(Saved entries)
┄┄┄┄┄┄
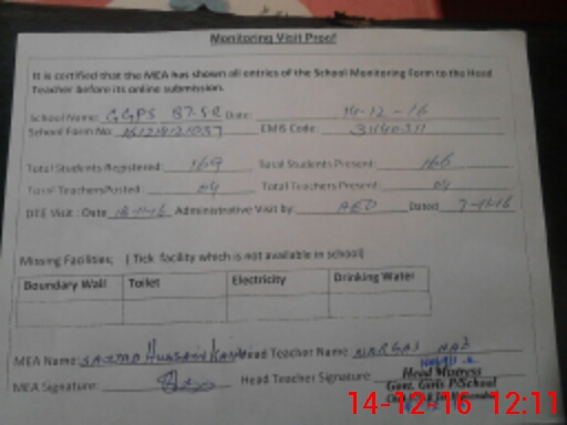 | Certified that this School was Inspected by the Undersigned MEA/DMO Today and the Information Stated Above is as Per Record. | |||||
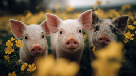 cute farm animals in the wild, three little pigs posing among yellow blooms, gentle depth of field, detailed natural textures, soft focus background
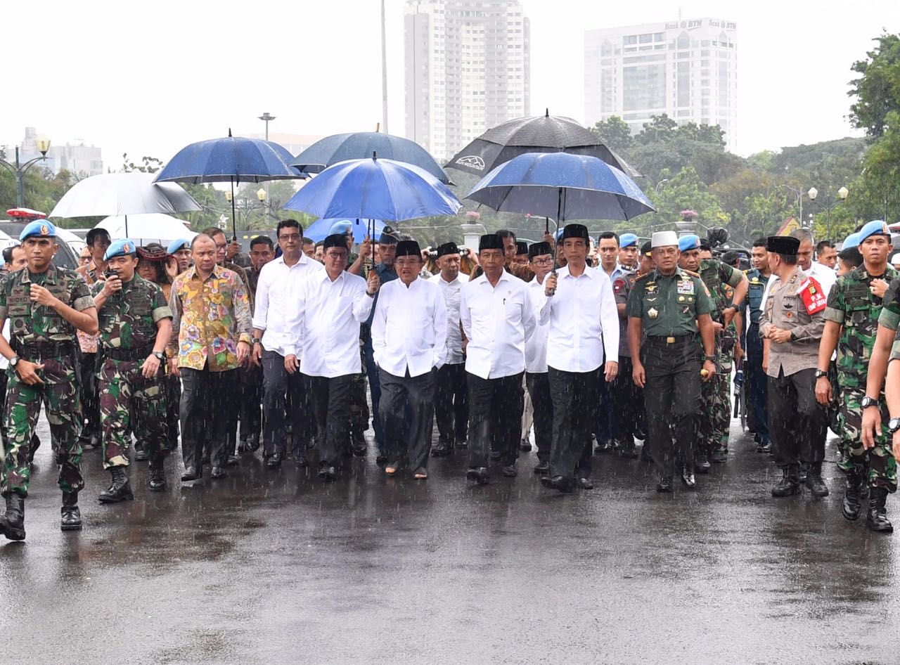 rombongan-presiden-212 Presiden RI dan rombongannya berjalan dari Istana Merdeka menuju Monas untuk mengikuti aksi "Bela Islam III" di Monas, Jakarta Pusat (dok. KM) KuoasMerdeka.com Berita Nasional
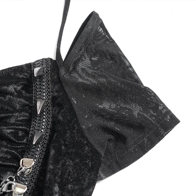 The Women's Punk Studded Chained Drawstring Short Sleeved Shirt is a bold statement piece for punk and alternative fashion rebels, blending raw punk rock energy with a punk goth edge. Crafted from a stretchy blend of polyamide, polyester, and elastane, it offers a slim fitted silhouette with a sheer, breathable mesh overlay.
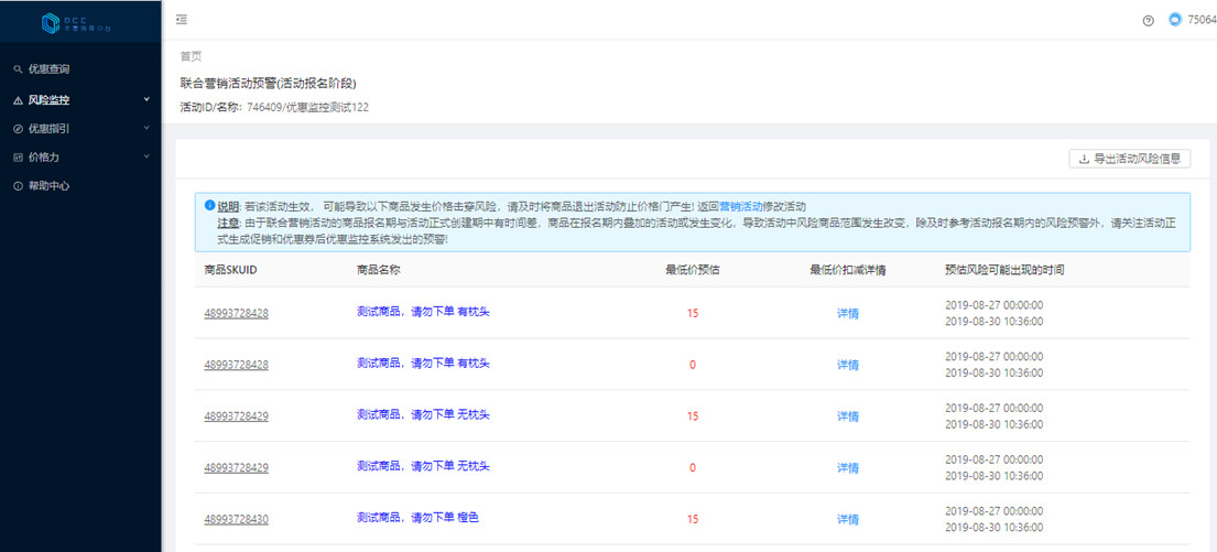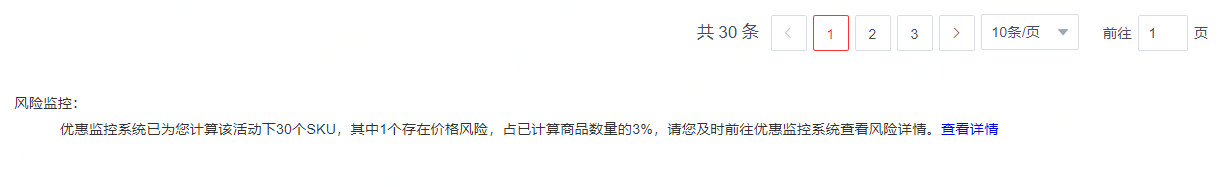 POP商家活动创建阶段,点击“优惠监控”查看风险提示信息
┄┄┄┄┄┄
[Task statement]
The records above must be output exactly, except for their pictures.

[Output of the exercise]
 | Certified that this School was Inspected by the Undersigned MEA/DMO Today and the Information Stated Above is as Per Record. | |||||
 cute farm animals in the wild, three little pigs posing among yellow blooms, gentle depth of field, detailed natural textures, soft focus background
 rombongan-presiden-212 Presiden RI dan rombongannya berjalan dari Istana Merdeka menuju Monas untuk mengikuti aksi "Bela Islam III" di Monas, Jakarta Pusat (dok. KM) KuoasMerdeka.com Berita Nasional
 The Women's Punk Studded Chained Drawstring Short Sleeved Shirt is a bold statement piece for punk and alternative fashion rebels, blending raw punk rock energy with a punk goth edge. Crafted from a stretchy blend of polyamide, polyester, and elastane, it offers a slim fitted silhouette with a sheer, breathable mesh overlay.
 POP商家活动创建阶段,点击“优惠监控”查看风险提示信息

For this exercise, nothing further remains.